*Data section*.
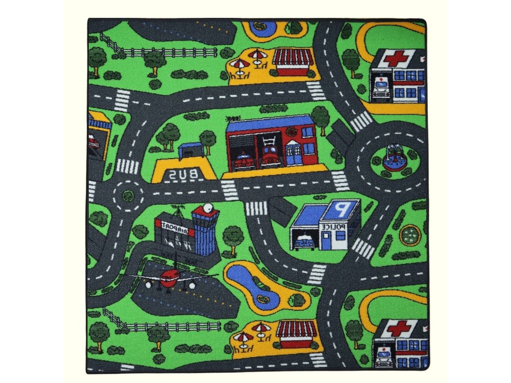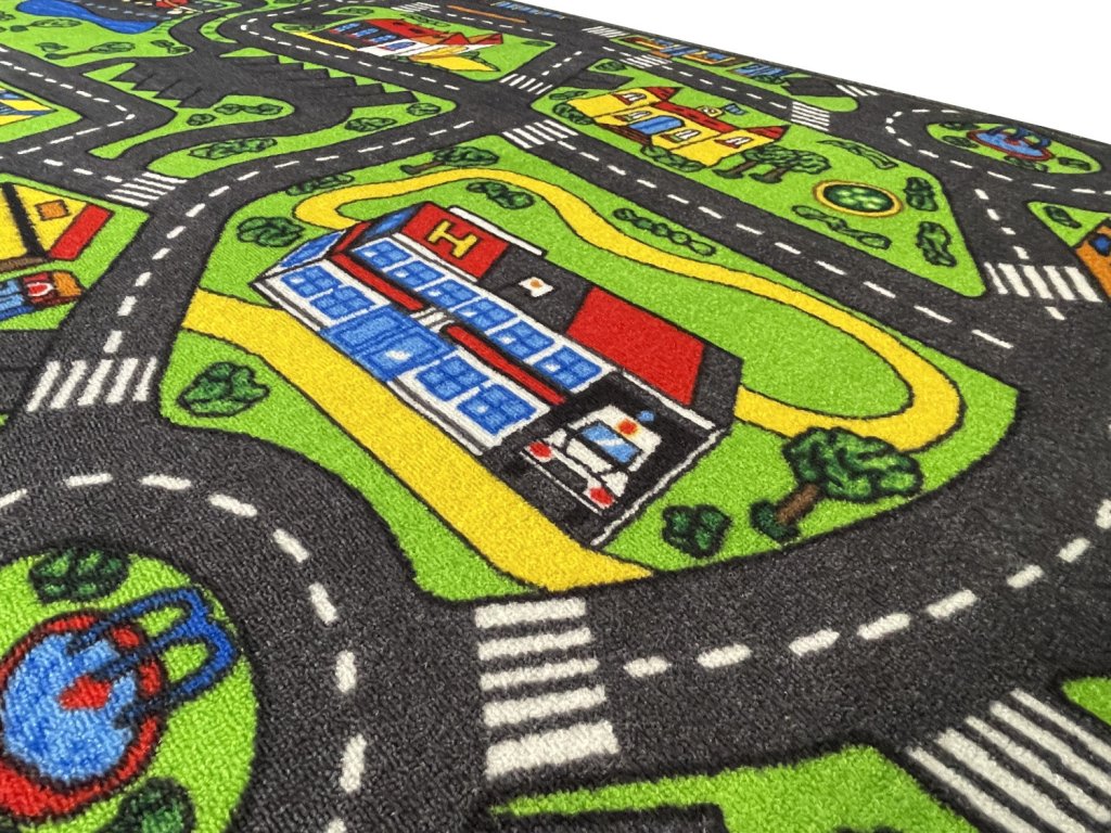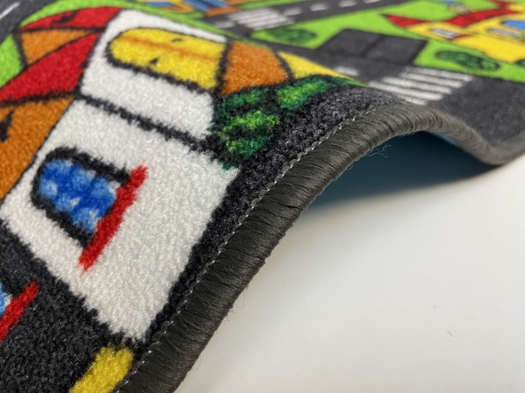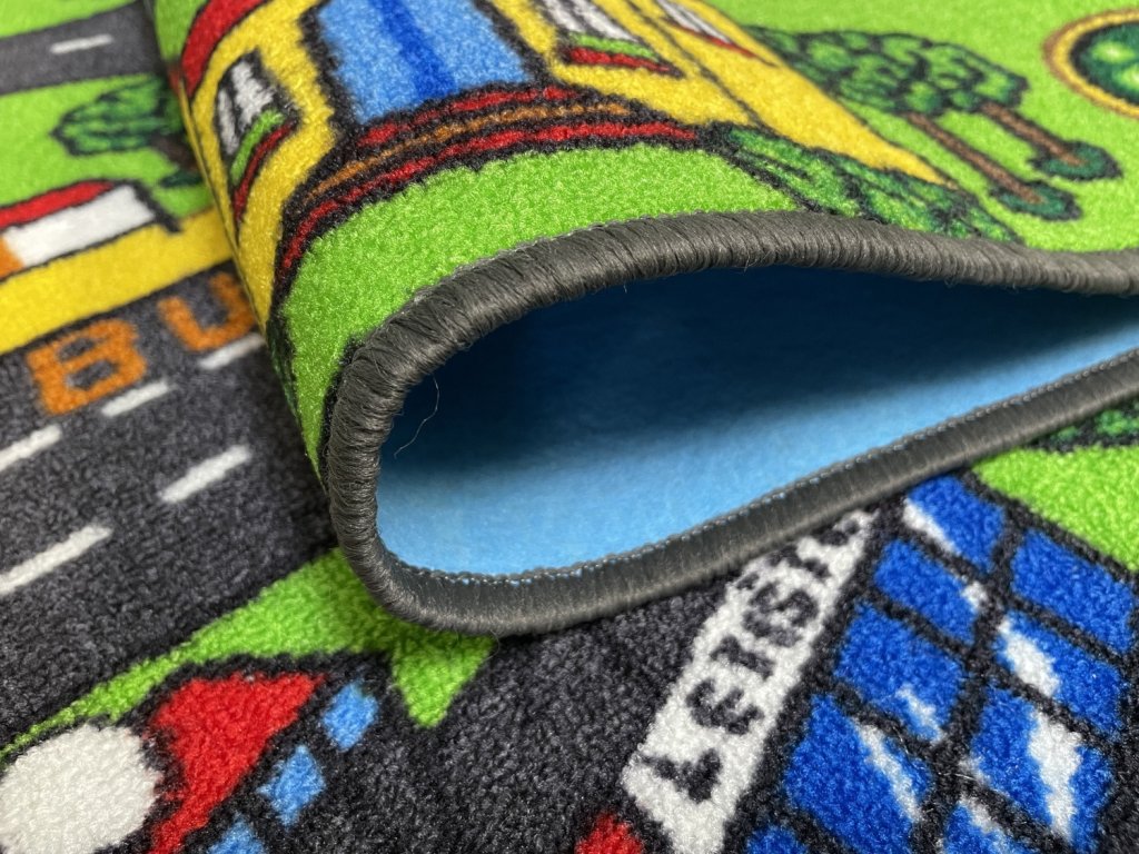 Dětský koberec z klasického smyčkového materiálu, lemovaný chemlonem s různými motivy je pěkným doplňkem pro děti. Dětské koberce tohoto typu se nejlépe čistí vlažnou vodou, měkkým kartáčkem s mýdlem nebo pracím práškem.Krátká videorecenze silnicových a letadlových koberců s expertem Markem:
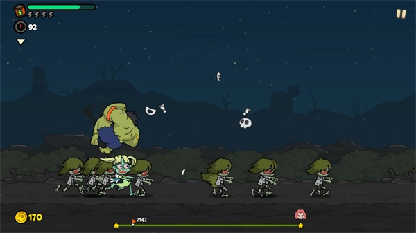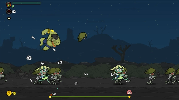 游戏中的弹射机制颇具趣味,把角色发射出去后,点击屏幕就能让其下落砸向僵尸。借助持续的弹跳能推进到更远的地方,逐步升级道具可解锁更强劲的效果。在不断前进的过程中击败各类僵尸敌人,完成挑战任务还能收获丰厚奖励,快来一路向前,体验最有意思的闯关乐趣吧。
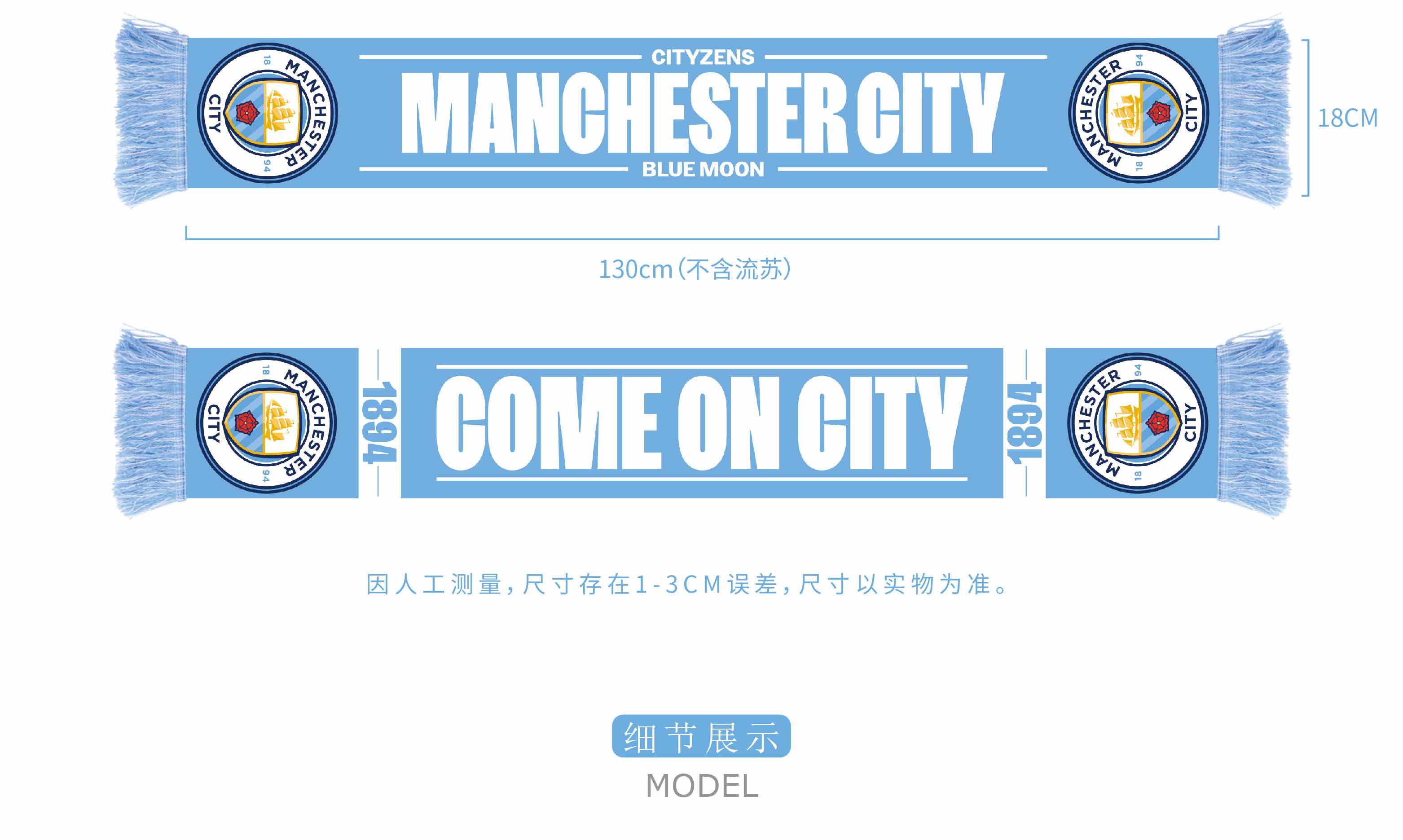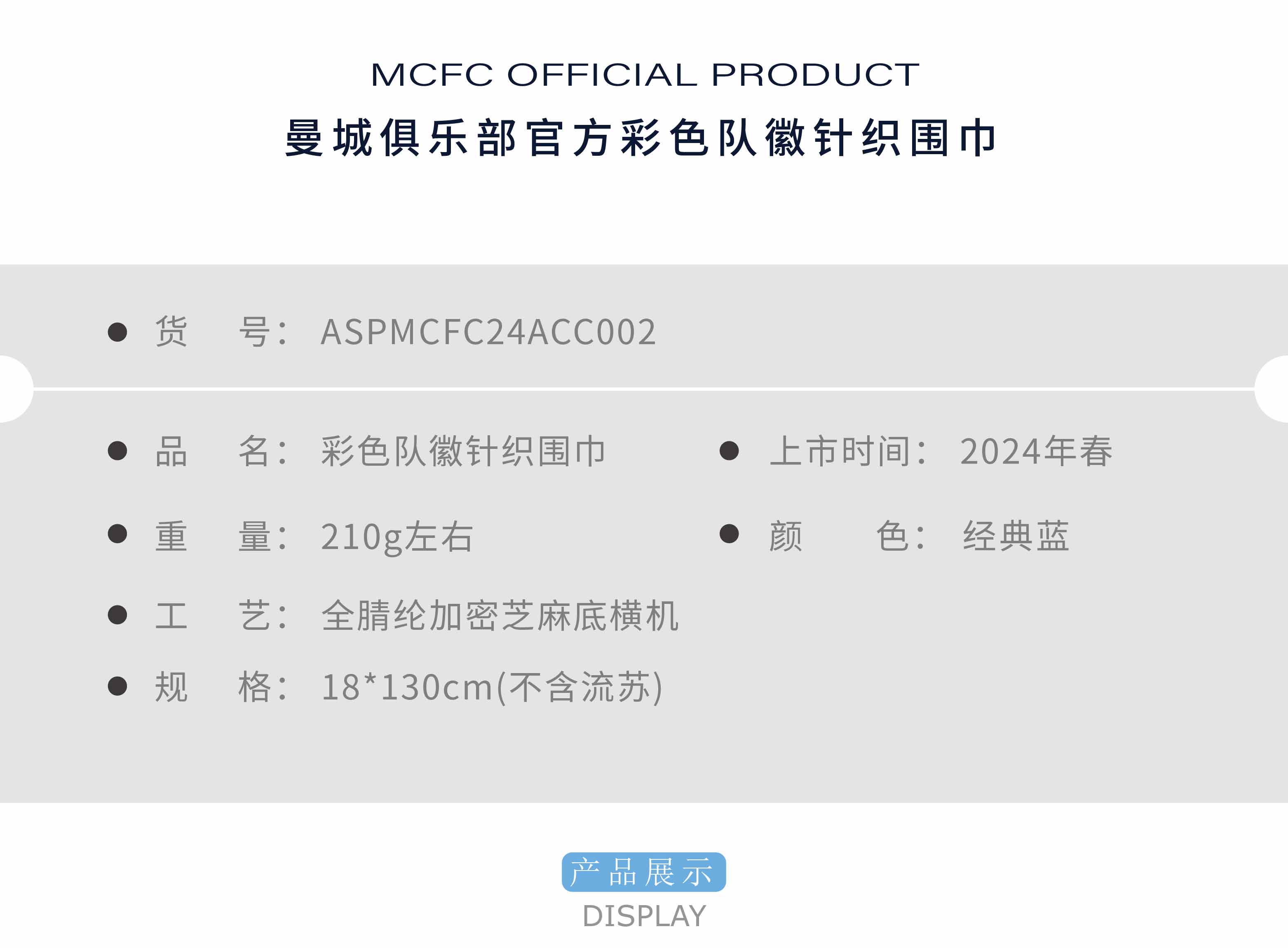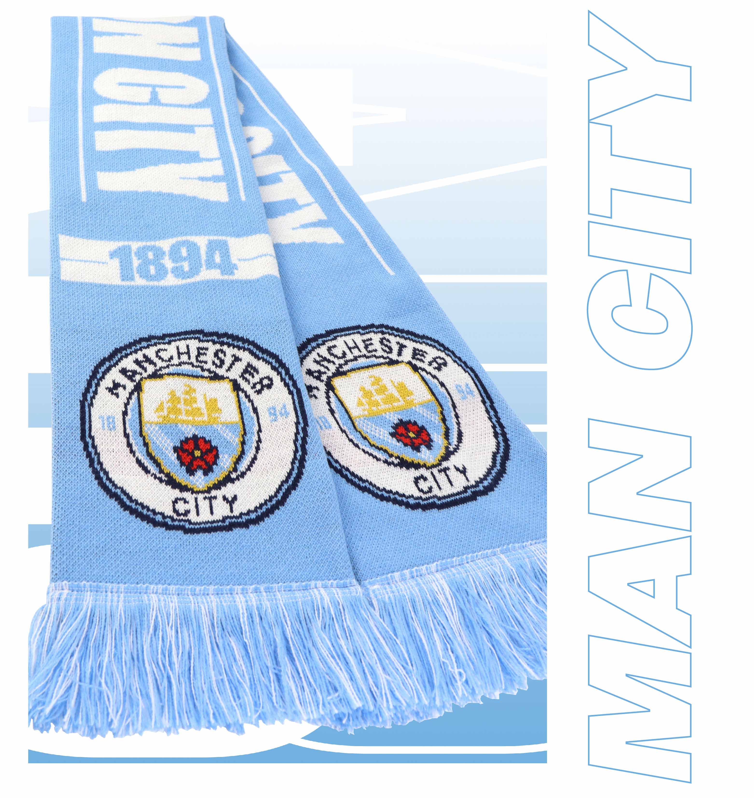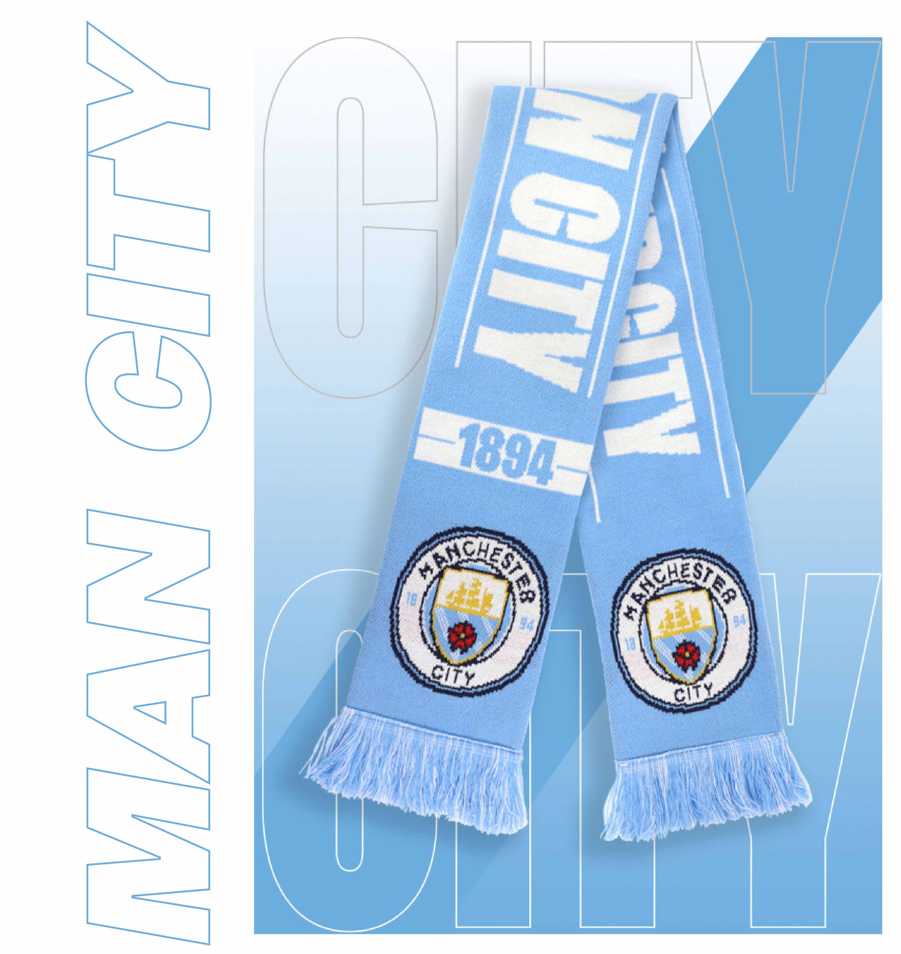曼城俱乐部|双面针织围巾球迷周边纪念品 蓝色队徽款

*Work instruction*.
Exactly those lines that run from the line holding "游戏中的弹射机制颇具趣味,把" to the end of the listing above, both included, are to be reproduced, with pictures left out.

*Written response*.
 游戏中的弹射机制颇具趣味,把角色发射出去后,点击屏幕就能让其下落砸向僵尸。借助持续的弹跳能推进到更远的地方,逐步升级道具可解锁更强劲的效果。在不断前进的过程中击败各类僵尸敌人,完成挑战任务还能收获丰厚奖励,快来一路向前,体验最有意思的闯关乐趣吧。
曼城俱乐部|双面针织围巾球迷周边纪念品 蓝色队徽款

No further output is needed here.